The Royal Australian Navy’s (RAN) third and final air warfare destroyer (AWD), the future HMAS Sydney (DDG 42), has officially completed sea trials, the Australian Department of Defense (DoD) announced on November 9.
“Today’s milestone is another example of the Liberal and National Government’s successful initiative to reform the AWD program, setting the scene for the Naval Shipbuilding Plan,” Australian Minister for Defense, Senator Linda Reynolds, said in a press statement.
“Sydney will enter into service early next year, and with her sister-ships HMA Ships Hobart and Brisbane, they will be the most potent warships to date.

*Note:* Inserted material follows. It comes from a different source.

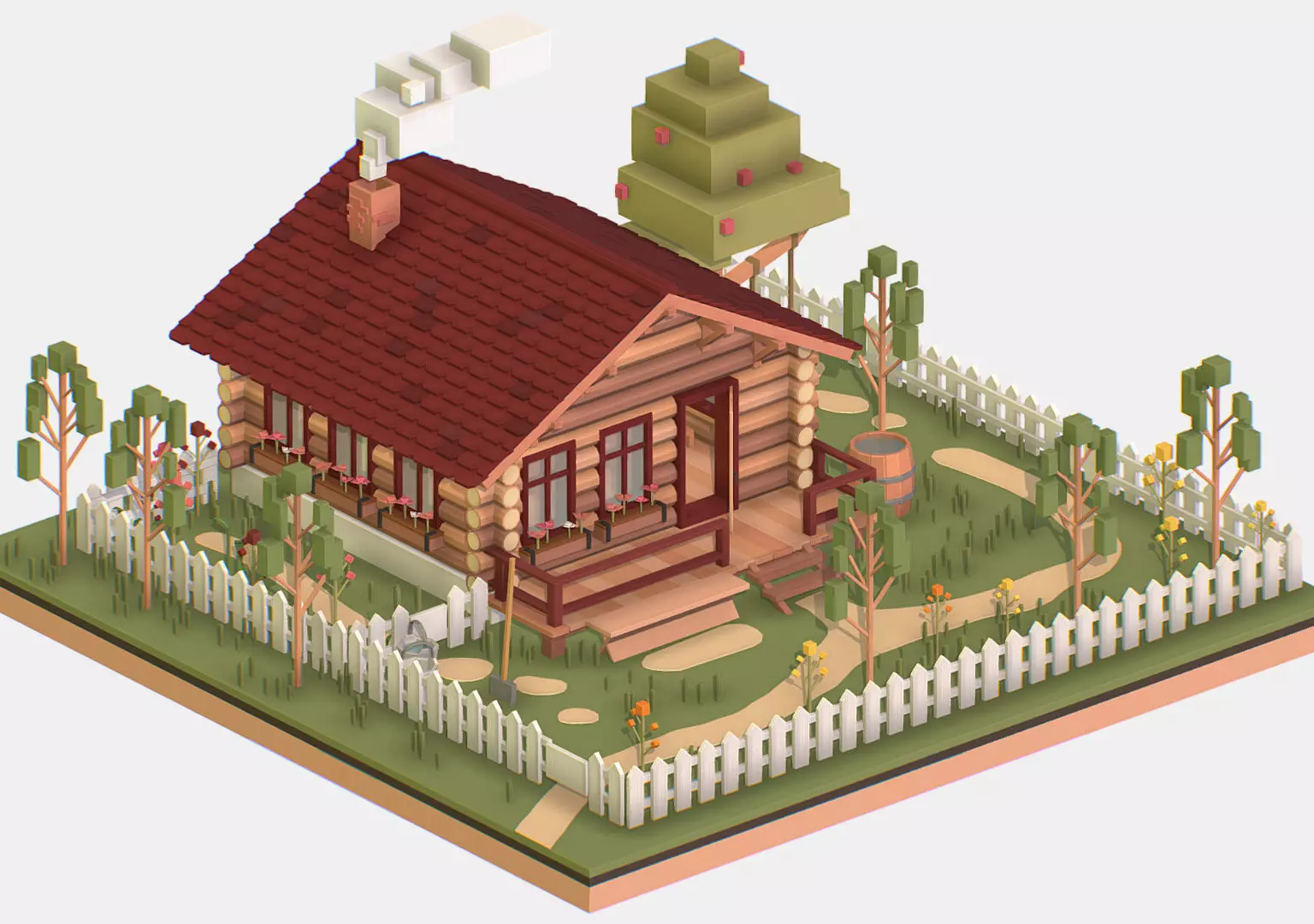 Isometric Village Wood Log House Cottage Garden Low-poly 3D model

“By using a combination of Australian and globally proven technologies, these highly capable warships are truly world-class and will allow us to work even closer with our allies.”
Sydney completed two rounds of sea trials in September and October. The first round tested the warship’s hull, propulsion and navigation systems. The second round tested and evaluated the destroyer’s combat and communications systems.
The future HMAS Sydney will be the third and final ship of the 7,000-ton Hobart-class of guided-missile (air warfare) destroyers. The first-of-class HMAS Hobart was commissioned in September 2017. The HMAS Brisbane entered service in October 2018.
The warships are all based on the Navantia-designed Álvaro de Bazán-class frigate (aka F-100) currently in service with the Spanish Navy. The Hobart-class is the first class of Australian surface combatants to be built around the U.S.-made Aegis combat system and the first ships outside the U.S. Navy to be equipped with a cooperative engagement capability (CEC), a new wide-area integrated air defense system.
“CEC interfaces with the Aegis combat system and enhances its early detection capability,” I explained elsewhere. “It is a new wide-area integrated air defense system that allows the real-time sharing of sensor data on air targets, including incoming enemy aircraft and cruise missiles between CEC-equipped destroyers.”
The HMAS Brisbane conducted a CEC live missile engagement activity with the US Navy in October. “Using remote sensor data from the USS Stockdale and the Cooperative Engagement Capability, the combat system was tested against a range of challenging targets and tactical situations,” the Australian DoD said in a press statement on October 31.
The Sydney will be armed with a number of different weapons systems, as I wrote previously:
The armament of the HMAS Sydney will include the Mark 41 Vertical Launching System capable of firing surface-to-air missiles, Harpoon over-the-horizon anti-ship missiles, light-weight torpedoes, and a Mark 45 127-millimeter gun. The warship will also carry a MH-60R Seahawk anti-submarine warfare helicopter.
The Sydney was launched in May 2018 and will be delivered to the service in February 2020. Following the completion of sea trials, final production work includes the integration of the MH60-R helicopter.
The Hobart-class program is overseen by the AWD Alliance, a consortium that coordinates the work of Spanish ship maker Navantia, the Australian shipbuilder ASC, mission systems integrator Raytheon Australia, U.S. defense contractor Lockheed Martin, and the Australian Department of Defense.